What makes WebPPL different from conventional programming languages is its ability to perform inference operations using these primitive probability distributions. Distribution objects in WebPPL have two key features:

You can draw random i.i.d. samples from a distribution using the special function sample. That is, you sample $x \sim P$ where $P(x)$ is the distribution.
You can compute the probability (or density) the distribution assigns to a value. That is, to compute $\log(P(x))$ , you use dist.score(x), where dist is the distribution in WebPPL.

The functions above that generate random samples are defined in the WebPPL library in terms of primitive distributions (e.g. Bernoulli for flip and Gaussian for gaussian) and the built-in function sample:

var flip = function(p) {
  var p = (p !== undefined) ? p : 0.5;
  return sample(Bernoulli({ p }));
};

var gaussian = function(mu, sigma) {
  return sample(Gaussian({ mu, sigma }));
};

[flip(), gaussian(1, 1)];

To create a new distribution, we pass a (potentially stochastic) function with no arguments—a thunk—to the function Infer that performs marginalization. For example, we can use flip as an ingredient to construct a Binomial distribution using enumeration:

var binomial = function() {
  var a = flip(0.5);
  var b = flip(0.5);
  var c = flip(0.5);
  return a + b + c;
};

var MyBinomial = Infer({ model: binomial });

[sample(MyBinomial), sample(MyBinomial), sample(MyBinomial)];

Infer is the inference operator that computes (or estimates) the marginal probability of each possible output of the function binomial. If no explicit inference method is specified, Infer defaults to enumerating each possible value of each random variable in the function body.
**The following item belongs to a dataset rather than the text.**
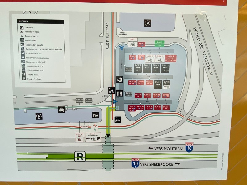 At Panama Station (named for a nearby street), the main transfer point between RTL buses and the REM (along with several local Exo buses to Saint-Constant and Delson), the disconnect between the separate transit facilities is apparent. The Panama Terminal is gigantic, with dozens of connecting buses.
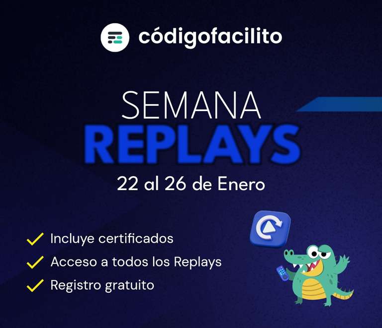 Ir a la ofertaCódigo facilito tendrá semana de bootcamps libre, solo te registras y podrás acceder a todos sus bootcamps grabados. Si terminas alguno podrás obtener el certificado sin costo

Bayesian inference by conditioning

The most important use of inference methods is for Bayesian inference. Here, our task is to infer the value of some unknown parameter by observing data that depends on the parameter. For example, if flipping three separate coins produce exactly two Heads, what is the probability that the first coin landed Heads? To solve this in WebPPL, we can use Infer to enumerate all values for the random variables a, b and c. We use condition to constrain the sum of the variables. The result is a distribution representing the posterior distribution on the first variable a having value true (i.e. “Heads”).

var twoHeads = Infer({
  model() {
    var a = flip(0.5);
    var b = flip(0.5);
    var c = flip(0.5);
    condition(a + b + c === 2);
    return a;
  }
});

print('Probability of first coin being Heads (given exactly two Heads) : ');
print(Math.exp(twoHeads.score(true)));

var moreThanTwoHeads = Infer({
  model() {
    var a = flip(0.5);
    var b = flip(0.5);
    var c = flip(0.5);
    condition(a + b + c >= 2);
    return a;
  }
});

print('\Probability of first coin being Heads (given at least two Heads): ');
print(Math.exp(moreThanTwoHeads.score(true)));

Codeboxes and Plotting

The codeboxes allow you to modify our examples and to write your own WebPPL code. Code is not shared between boxes. You can use the special function viz to plot distributions:

var appleOrangeDist = Infer({
  model() {
    return flip(0.9) ? 'apple' : 'orange';
  }
});

viz(appleOrangeDist);

var fruitTasteDist = Infer({
  model() {
    return {
      fruit: categorical([0.3, 0.3, 0.4], ['apple', 'banana', 'orange']),
      tasty: flip(0.7)
    };
  }
});

viz(fruitTasteDist);

var positionDist = Infer({
  model() {
    return {
      X: gaussian(0, 1),
      Y: gaussian(0, 1)};
  },
  method: 'forward',
  samples: 1000
});

viz(positionDist);

In the next chapter, we will implement rational decision-making using inference functions.